Thursday, March 5, 2015

The Bell Jar

Bell jar
noun
  1. 1.
    a bell-shaped glass cover used for covering delicate objects or used in a laboratory, typically for enclosing samples.
  2. 2.
    an environment in which someone is protected or cut off from the outside world.

 
When I first read the part of the book where Esther says she feels like she is in a bell jar I was confused. I had no idea what a bell jar was. But when I finally looked it up I understood completely what she was trying to say. 

Esther in The Bell Jar suffers from depression. This is quite obvious since she has thoughts of committing suicide so often, and is eventually checked into a mental asylum. If someone were trapped in a bell jar, they would feel suffocated, trapped in a world they don't want to be in. Although I myself have not expirenced severe depression like she has, I know what she is going through.

My mother suffers from depression. I have expirenced first hand what that is like (although of course I have not gone through it myself). When I was younger she tried to take her life. Thankfully she did not succeed at this. I think in that point in my mother's life she realized what she would be missing out on if she actually did taker her life.

Damn, my blog has become some kind of freakin' confessional for all my personal stuff.

At the end of the novel, I think Esther begins to realize what she would be missing if she wasn't around anymore, kind of like my mom. I might be reading too much into it but I'm not really sure. I think that Esther also begins to realize that she has a lot ahead of her. 

I understand how Esther is feeling and I feel like this made me appreciate her even more as a character. 

"I don't really know"

"What do you have in mind after you graduate?"

Whenever someone asks me this question, I never know what to say. There are so many ideas floating around my head about what I could do, what I'm "interested" in, but I'm not really ready to commit to any of these ideas. But at the same time, I'm feeling a lot of pressure from others that I need to know what I'm gonna do in college, or what I should be doing in college. "You should become a nurse, or a vet, or lawyer". Even though I'm interested in none of these things, my relatives have been telling me that's what I should be when I grow up.

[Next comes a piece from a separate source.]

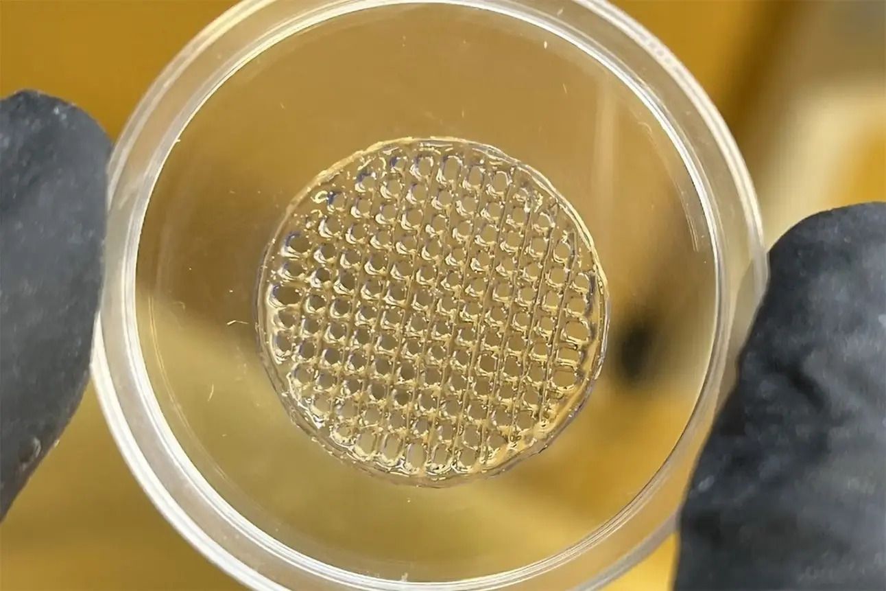 A small 3D-printed structure made of optimized hydrogel, which could soon be used as a skin imitation to test cosmetics. Manisha Sonthalia / Vellore Institute of Technology

When you're young people ask you what you want to be. And you normally reply with something you think is cool, without thinking about the issues of college and money (I mean as a child, you don't even know about these things yet). But when you're actually grown up and you have to think about these things, people just tell you want you should be doing. They don't ask you what you want to be doing.

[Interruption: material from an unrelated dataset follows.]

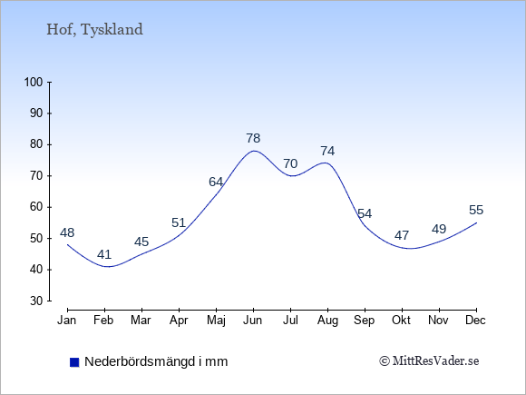 För att se hur vädret i Hof skiljer sig från vädret hemma, kan du också jämföra siffrorna måned för måned med motsvarande siffror för Sverige under samma period här: Hofs klimat.

When reading this portion of The Bell Jar, when Esther is talking about college, I was really happy because someone was actually saying exactly how I felt about college. Her mother keeps telling her she should take dictation from a successful man, or do some other menial. When someone finally asks her what she wants to do instead of just telling her, she has no real response. She's not really sure anymore. And that probably scares her, because I know that feeling scares me. Because of this I feel like I can relate to Esther. I feel justified now in answering people's questions with "I don't really know."

Wednesday, March 4, 2015

Final thoughts on The Catcher in the Rye

Even though we are SO far into The Bell Jar, Catcher is still on my mind. I love Catcher in the Rye a lot. It's probably one of the best books I've read in a really long time. I felt a strong connection with this book, because I feel like I can relate to Holden in a way. The thing that stuck me the most about Holden was his relationship with Allie. It was super hard for Holden to let Allie go, and I know how he feels.

About a year and a half ago my aunt Jane passed away. She was my favorite person and I miss her every single day. She had a brain tumor and she went pretty quickly, by the end I guess it was for the better. But sometimes I still ask myself why it had to be her. She was such a giving person, always volunteering and giving her time to help others, her and my uncle never fought once throughout their entire marriage, and she loved her job and her friends and family so much. She had a great life and so I sometimes wonder why it had to be taken away so soon. I feel like Holden has these thoughts as well which is why I liked his character so much.

I'm not saying that I spiraled into depression like Holden did, but I felt a lot of sorrow for a very long time. I understand what he is going through and I have also seen the same thing happen to others. This is why I feel like I can relate to Holden. His feelings struck a chord within me. I have a new emotional connection to this book and I am so happy that we got to read it for this class.